[WHAT TO PRODUCE] Leave the pictures out. Retype exactly the lines below from the one containing "Әуелі ішінде жатқан" through the one containing "The shirt features", and no others.

[DATA SHOWN]
————————

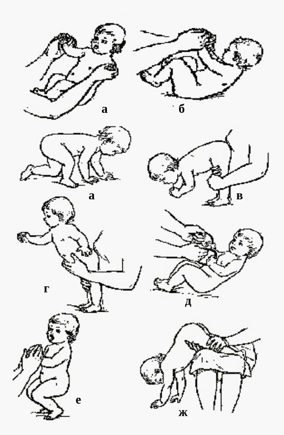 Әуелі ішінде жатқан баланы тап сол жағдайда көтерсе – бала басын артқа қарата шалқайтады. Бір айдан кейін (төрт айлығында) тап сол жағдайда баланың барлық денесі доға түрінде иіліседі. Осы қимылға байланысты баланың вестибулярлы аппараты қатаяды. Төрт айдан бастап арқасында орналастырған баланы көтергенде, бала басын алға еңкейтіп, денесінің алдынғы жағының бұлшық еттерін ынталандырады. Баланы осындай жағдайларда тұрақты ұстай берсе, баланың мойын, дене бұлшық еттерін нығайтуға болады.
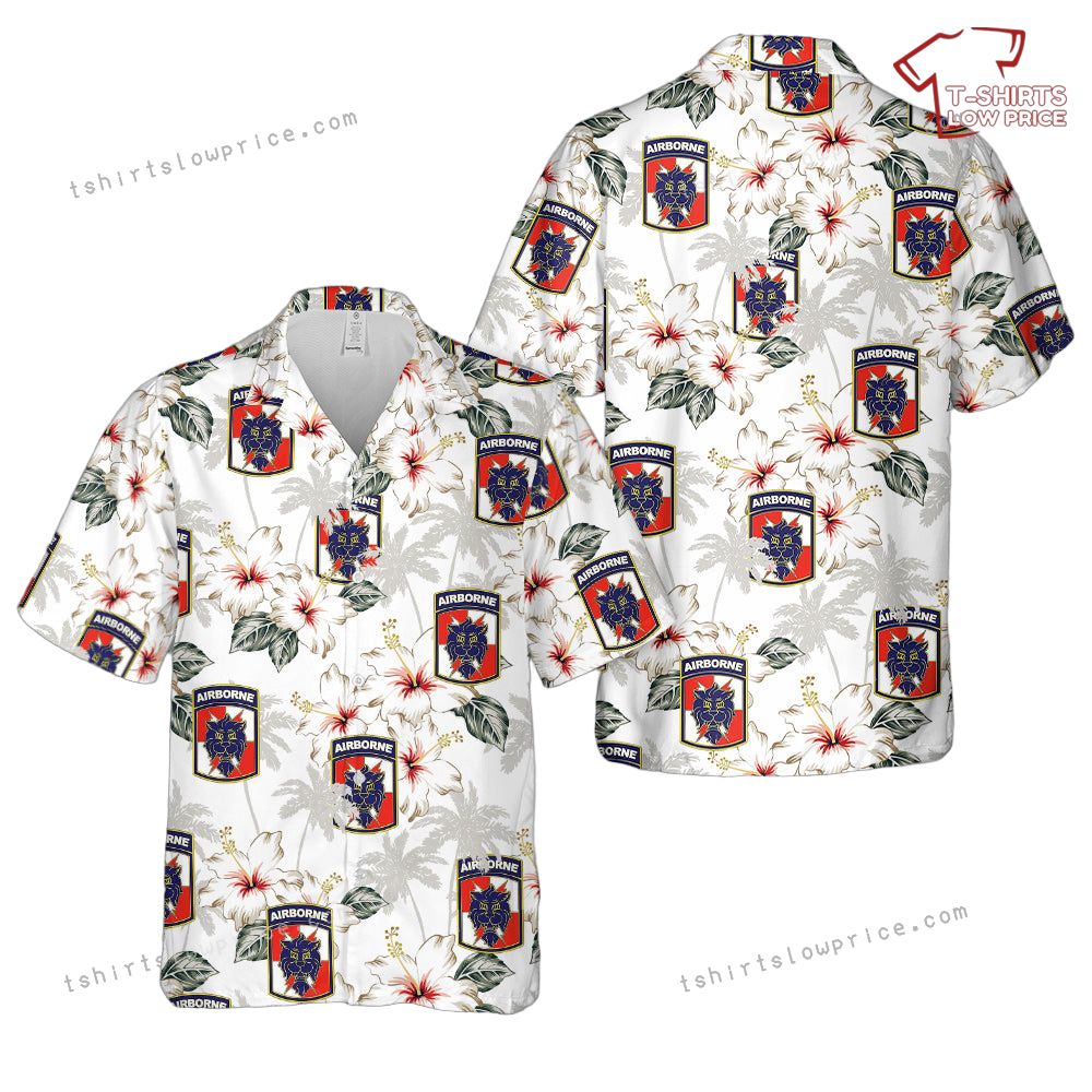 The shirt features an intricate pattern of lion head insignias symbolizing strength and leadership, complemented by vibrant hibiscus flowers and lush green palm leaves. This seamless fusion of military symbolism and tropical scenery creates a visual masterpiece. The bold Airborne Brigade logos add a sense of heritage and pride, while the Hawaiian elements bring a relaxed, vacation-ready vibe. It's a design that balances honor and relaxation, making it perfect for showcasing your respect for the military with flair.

————————

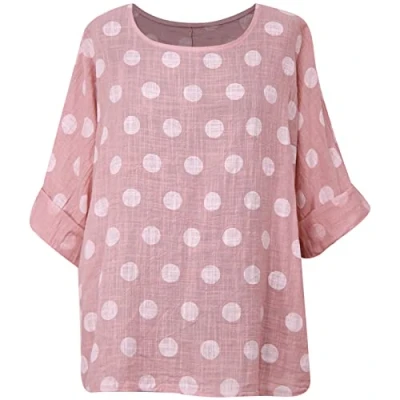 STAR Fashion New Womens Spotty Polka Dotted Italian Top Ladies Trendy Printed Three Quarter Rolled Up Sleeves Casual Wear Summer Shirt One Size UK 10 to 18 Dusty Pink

————————

[RESPONSE TO THIS EXERCISE]
 Әуелі ішінде жатқан баланы тап сол жағдайда көтерсе – бала басын артқа қарата шалқайтады. Бір айдан кейін (төрт айлығында) тап сол жағдайда баланың барлық денесі доға түрінде иіліседі. Осы қимылға байланысты баланың вестибулярлы аппараты қатаяды. Төрт айдан бастап арқасында орналастырған баланы көтергенде, бала басын алға еңкейтіп, денесінің алдынғы жағының бұлшық еттерін ынталандырады. Баланы осындай жағдайларда тұрақты ұстай берсе, баланың мойын, дене бұлшық еттерін нығайтуға болады.
 The shirt features an intricate pattern of lion head insignias symbolizing strength and leadership, complemented by vibrant hibiscus flowers and lush green palm leaves. This seamless fusion of military symbolism and tropical scenery creates a visual masterpiece. The bold Airborne Brigade logos add a sense of heritage and pride, while the Hawaiian elements bring a relaxed, vacation-ready vibe. It's a design that balances honor and relaxation, making it perfect for showcasing your respect for the military with flair.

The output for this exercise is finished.